Who really controls the internet?

This article is pretty eye opening re the possibility of ICANN getting dis-mantled by disgruntled poorer countries. Can the internet really be divided into nationalistic fiefdoms and still work effectively?

Plan for UN to run internet ‘will be shelved’

Me and my fellow Stonecutters, of course!

Who controls the British crown?
Who keeps the metric system down?
We do! We do!
Who leaves Atlantis off the maps?
Who keeps the martians under wraps?
We do! We do!

Sorry. Please continue.

I’d fight against any attempt to put anything of any value under control of the U.N., so this shelving makes me glad.

Instead of an over-reaching controlling body, subject to corruption and mismanagement and political whim, a better choice is just updated treaties which allow one nation to request assistantance of another in tracking down and prosecuting child-pornographers and spammers within the second nation’s borders. Then it comes down to decisions made by the two nations involved:

Nation 1: Is it worth our time and trouble to demand Nation 2 shut down spam servers affecting our country’s internet system, and can we back it up with threatened economic sanctions if they don’t comply?

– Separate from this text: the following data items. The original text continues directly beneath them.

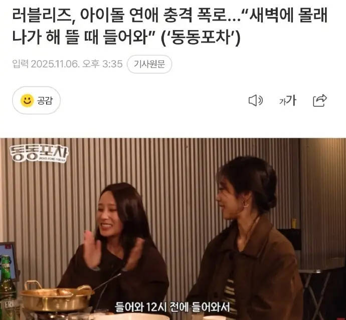 近日,Lovelyz成员徐智秀、刘智爱在节目中谈爱豆活动时期偷偷恋爱的经历,因为有门禁,“我会和室友分享恋爱情况。我们房间就在门口,所以会在12点前回宿舍,凌晨三四点再出门,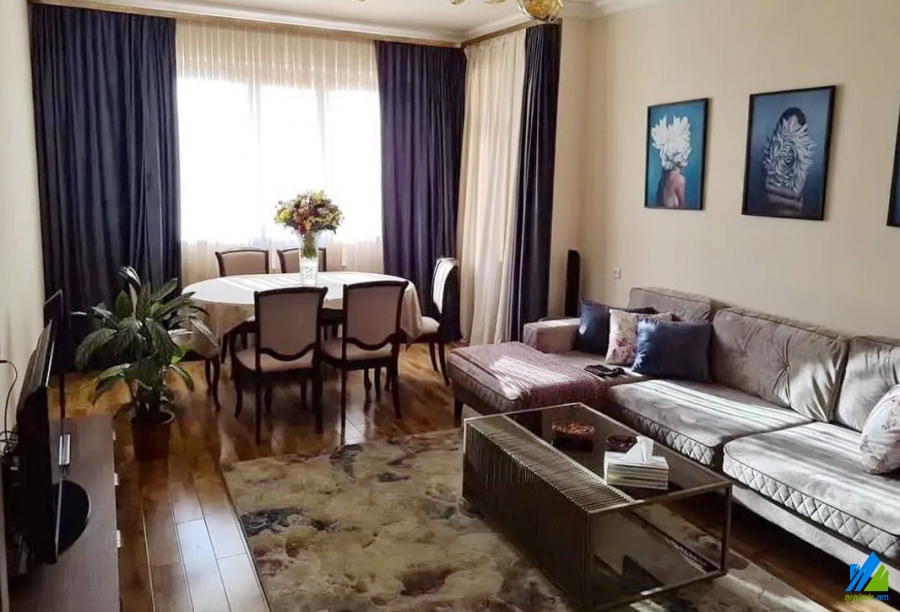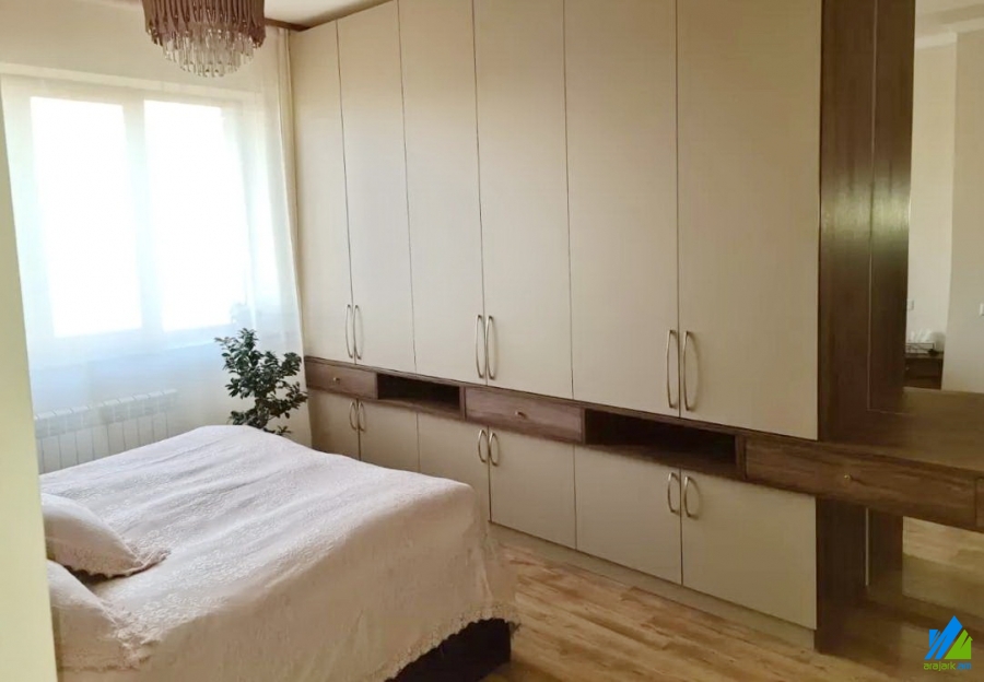 An apartment for rent in Tsarav-Axbyur. The rooms’ quantity is 3 (a hall and 2 bedrooms). It is newly renovated and is located on the 5th floor of 14-storey new-built building. The entrance door is iron-made, the windows are euro-based, the floor is covered by laminate and is tiled. The bathroom is combined and newly tiled. The apartment has a balcony, heating system and is supplied with constant water and gas. It is being rented with furniture and technique.
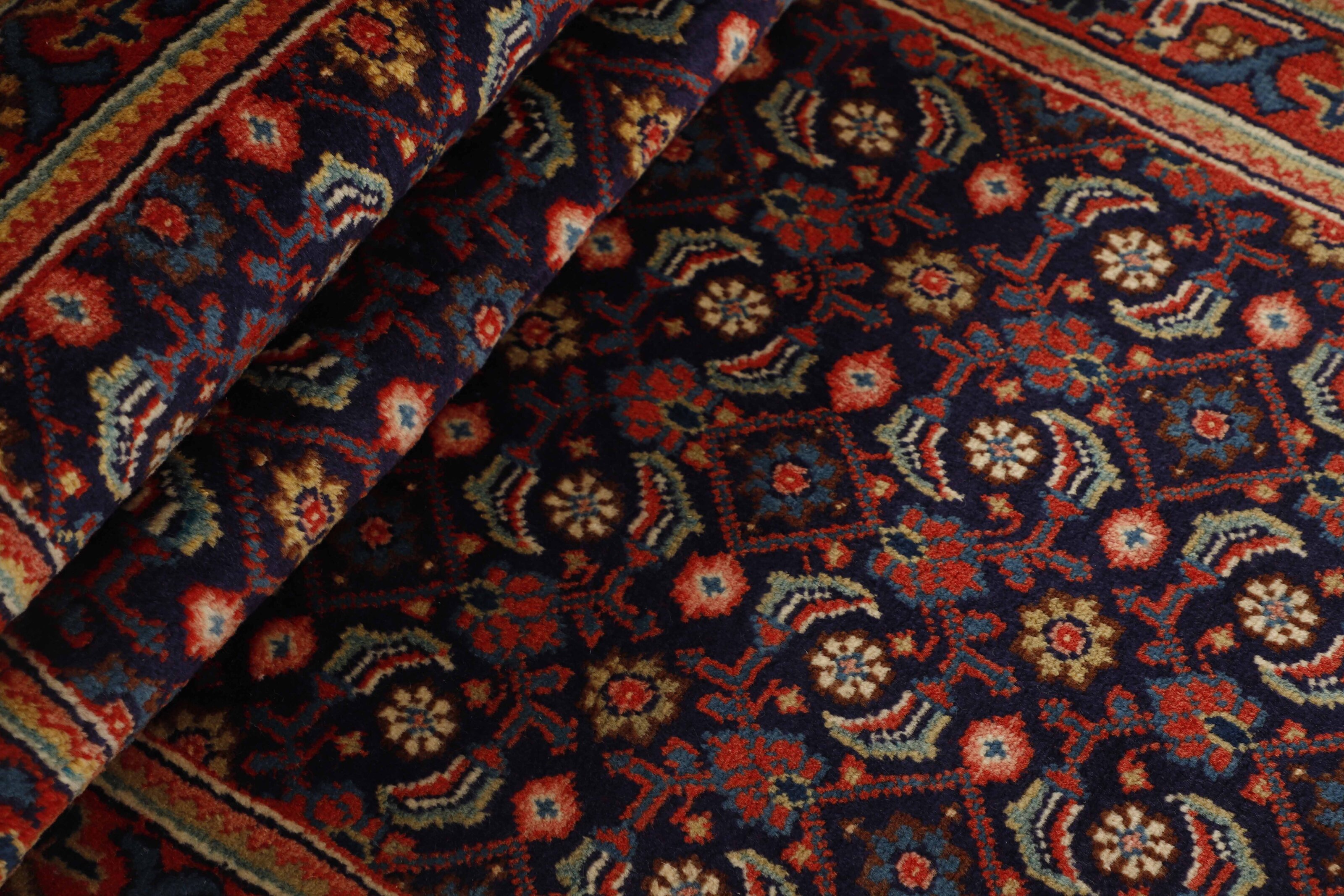 MahalItem no.: 1514405 Size: 83 cm x 310 cmThe Mahal rugs are knotted in Mahal, southwest of the capitol Teheran. The rugs are knotted with a beautiful, shining wool, and with the Seneh knot and the dense knotting method used, it is one of the most durable Persian rugs.

Nation 2: Is it worth our time and trouble to regulate our citizens in this way, and is Nation 1 bluffing?

I find this more plausible and effective than anything the U.N. could ever do.

Not every nation on Earth is even a member of the U.N., so any U.N. regulation (assuming it was enforceable at all, which I doubt) would just prompt spammers to move their computers to some isolated hamlet.

Is your post still related to the OP, Bryan?

Control of Internet need not hinge on the prosecution of spammers; the one can and must go beside the other. Currently ICANN “controls” Internet in a limited manner, but lots of nations and organizations are busy with anti-spam measures. If we just agree to lock off all nations that don’t comply with anti-spam measures, and the same for national servers that host or aid spammers, wouldn’t the spam problem stop? Except for hacking, that is.

That will be just totally awesome. Simply by blocking all IPs coming from that place, all problems are solved.

If you’re talking about managing the Internet at a national level, I agree completely, we have seen that some national governments are too vulnerable to influence and corruption (just see the difficulties involved in passing meaningful anti-spam legislation). If you’re referring to the UN, bodies such as ICAO or ITU have a fairly good track record at regulating from on high.

I don’t imagine this working at all in any meaningful fashion. That’s because improper Internet use is a hydra with half a billion heads, and won’t be isolated in the manner you suggest – if anything, it’s becoming even more scattered.

Firstly, spam is significantly distributed geographically speaking, and while a lot of attacks may currently come from places such as China or Russia (where ISPs will take your money and ask few questions), they are often directed by American uber-spammers or people entirely removed but still with the right connections (and that often means corporate America, who is a huge sponsor of spam much like corporate everyhwere else). Spammers may be foul scum, but they aren’t stupid – at least not the able ones.

Secondly, problems such as child pornography are already addressed, albeit frequently incompetently, by bodies such as Interpol and local authorities. The chief difficulty is the snail pace at which these authorities move, though there are indications over the past years that things are speeding up. Again, though, there are serious obstacles, such as different censorship laws, different definitions, and varying age of consent when engaging in pornography: age of consent in Russia is 14 years, an age that clearly qualifies as child porn almost everywhere else but is legal there.

So right there you have significant problems particular to the Internet that won’t be solved easily, not even by an intricate web of cross-connecting treaties. The simple solution is to have one over-reaching authority to regulate the Internet as far as its most serious problems are concerned, and I would consider those to be spam, fraud, security (virus, denial of service attacks, hacking, etc.), and child pornography. Having a central authority to manage these highly significant problems could only be a good thing, since standards would hopefully be imposed across most if not all the globe with less regard for the voices of big business (as represented in the US by the powerful Direct Marketing Association, whose gaffes in trying to restrict the definition of spam for the sake of e-mail marketing were simply laughable but regardless succeeded in blocking or delaying important initiatives)

The above scenario is a lot better than the present situation, because at least then you’d have a clear and restricted target to approach with a solution, such as negotiating with the government in question and/or blocking the entire nation where the spammers are hiding (although blocking is usually a problematic practice). As things stand today, a spammer could reside in Illinois but have the dirty work done pretty much anywhere in the world – shutting down the servers he uses is at the most a brief fix because he’ll simply find more, sometimes even without the knowledge of the hardware’s owner.

I doubt we would have a tenth of the Internet abuses we have today if we had a central over-reaching authority regulating Internet use, as long as the authority sticks to fraud, spam, security, and child porn.